● **What needs to be done**: Starting with the line that holds "Сохранность хорошая, трещина" and stopping after the line that holds "Serisi Ayak Basmalı", repeat the lines below word for word, without the pictures.

● **Source records**:

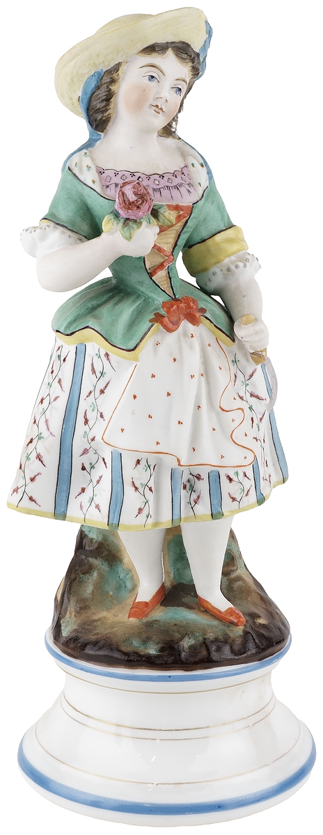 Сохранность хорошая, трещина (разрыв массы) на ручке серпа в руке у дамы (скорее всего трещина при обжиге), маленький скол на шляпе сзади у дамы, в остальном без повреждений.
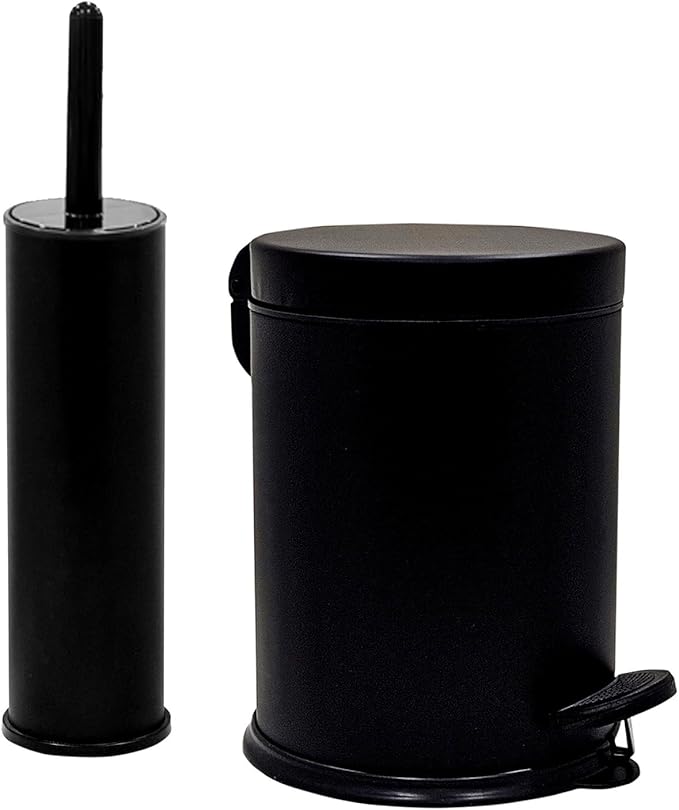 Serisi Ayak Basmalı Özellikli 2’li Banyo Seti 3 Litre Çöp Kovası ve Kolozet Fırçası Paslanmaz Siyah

...

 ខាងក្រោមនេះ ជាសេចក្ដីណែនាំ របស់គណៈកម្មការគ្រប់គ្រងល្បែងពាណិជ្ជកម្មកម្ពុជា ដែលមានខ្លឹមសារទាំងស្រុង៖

● **Answer area**:
 Сохранность хорошая, трещина (разрыв массы) на ручке серпа в руке у дамы (скорее всего трещина при обжиге), маленький скол на шляпе сзади у дамы, в остальном без повреждений.
 Serisi Ayak Basmalı Özellikli 2’li Banyo Seti 3 Litre Çöp Kovası ve Kolozet Fırçası Paslanmaz Siyah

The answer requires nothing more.